This week, the bitcoin price has fallen sharply from its record high of $49,000 to $40,000, driven by concerns related to Mt. Gox and FTX, creating uncertainty about its future direction.
The rally was fueled by news of CNA’s acceptance and participation as well as major players such as BlackRock, but some analysts predict Bitcoin could retrace to $31,000.
Bitcoin Price Analysis and Price Predictions
The price of Bitcoin is correcting back from a strong rejection at the psychological level of $49,000. Despite the challenges, Bitcoin has managed to recapture the psychological level of $40,000 after falling to a low of $38,500.
Bitcoin holders find themselves in uncertainty territory until the price breaks out and secures a hold above the $40,700 support level on the three-day timeframe. When examining technical indicators, it is clear that Bitcoin has broken above a key resistance level.
The Stochastic RSI signal is showing overbought conditions, reaching 90, which historically indicates an impending correction. This observation is reinforced on the daily chart, further supporting the possibility of a pullback.
The regular RSI on both the weekly and daily charts is showing a bearish divergence, where the chart is trending up, but the RSI is trending down – a signal that is often associated with hidden bearish divergences.
Despite initial skepticism about the potential for a major move, Bitcoin did experience a significant drop.
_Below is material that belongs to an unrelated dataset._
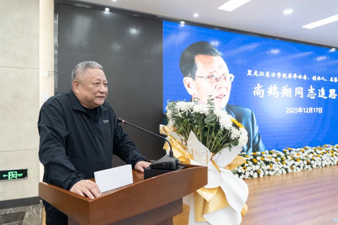 黑龙江东方学院原副校长陈光深情回忆了与尚鹤翔先生相处的点点滴滴。他表示,尚校长在东方学院创办初期以及新校区建设的关键时刻,面对重重困难,始终保持着坚定的信念和乐观的态度,展现了卓越的领导力和决策力,他的思想无时无刻不在激励着大家奋发前进。

Considering investor behavior, investors usually sell when the Stochastic RSI exceeds 70, while levels below 30 trigger buying. Oversold phases imply accumulation periods, which can result in huge gains for those who strategically buy during dips.
If the bulls prevail, a decisive breakout above $40,726 would pave the way for Bitcoin’s price to surpass $43,750, or in a highly bullish scenario, retake the $49,000 level. A very bullish outcome could push Bitcoin towards the psychological level of $50,000, which was last tested in December 2021.
On the other hand, as the Relative Strength Index (RSI) is below 50 and continues to decline, the price of Bitcoin could decline further, potentially breaking below the $37,800 support level. Losing this level of buyer congestion could lead Bitcoin towards the psychological level of $30,000.
If you’re looking for other investment opportunities, check out our list of cryptocurrency ICOs for reference.
Mt. Gox Bitcoin repayment news sparks market concerns and price volatility
Looking at recent developments, Mt. Gox confirmed that it would begin repaying creditors in Bitcoin in December 2023, sparking concerns about a potential market sell-off. The large amount of Bitcoin and Bitcoin Cash expected to be repaid could have an impact on the market.
Looking back at historical events, such as the Mt. Gox incident in 2014, it is clear that Bitcoin has the ability to rebound in difficult situations. Experts have different opinions on how the Mt. Gox trustee should handle the Bitcoin repayment.
Some expect the gradual repayment to take place over several months, while others believe it will be a one-time large repayment. "Of course, the selling pressure should be relatively limited. After all, a lot of debt has been sold over the years and their prices have been reflected in the market," Yang Mingdao said.
In the past 24 hours, the price of BTC has increased by 1% and is currently trading at $40,068. The 24-hour minimum and maximum prices were $39,545 and $40,254 respectively. In addition, the trading volume in the past 24 hours has decreased by 12%.
FTX $1B Selloff – The Domino Effect on Bitcoin and Market Analysis
The price of Bitcoin fell after the Bitcoin ETF was approved. In theory, as FTX completes the sale of its large holdings, the selling pressure may ease, considering that bankruptcy liquidations are relatively rare events.
Investors have unloaded more than $2 billion worth of the Grayscale Bitcoin Trust (GBTC) since converting it to an exchange-traded fund earlier this month.
According to a report by CoinDesk, it appears that 1/2 of the $2 billion GBTC outflow came from FTX liquidating its 22 million holdings.
Additionally, FTX’s sister hedge fund Alameda Research voluntarily dropped its lawsuit against Grayscale Investments today.
FTX’s bankruptcy liquidation sold 22 million shares, equivalent to nearly $1 billion, according to private data compiled by CoinDesk and insights from two people familiar with the matter.
The price of Bitcoin (BTC) has fallen since the ETF was approved, in stark contrast to the high expectations before the SEC’s announcement. The Bitcoin ETF is expected to provide ordinary investors with a more convenient way to enter the Bitcoin market, which led to optimistic predictions for the price of BTC.
However, Bitcoin has experienced a decline. In theory, now that FTX has completed the sale of its large holdings, the selling pressure may ease, considering that bankruptcy liquidation of holdings is a relatively rare event.

Bitcoin Price Prediction: Can $40,000 Hold After FTX Sells $1 Billion Grayscale Bitcoin ETF? Is Bitcoin’s Bull Run Over?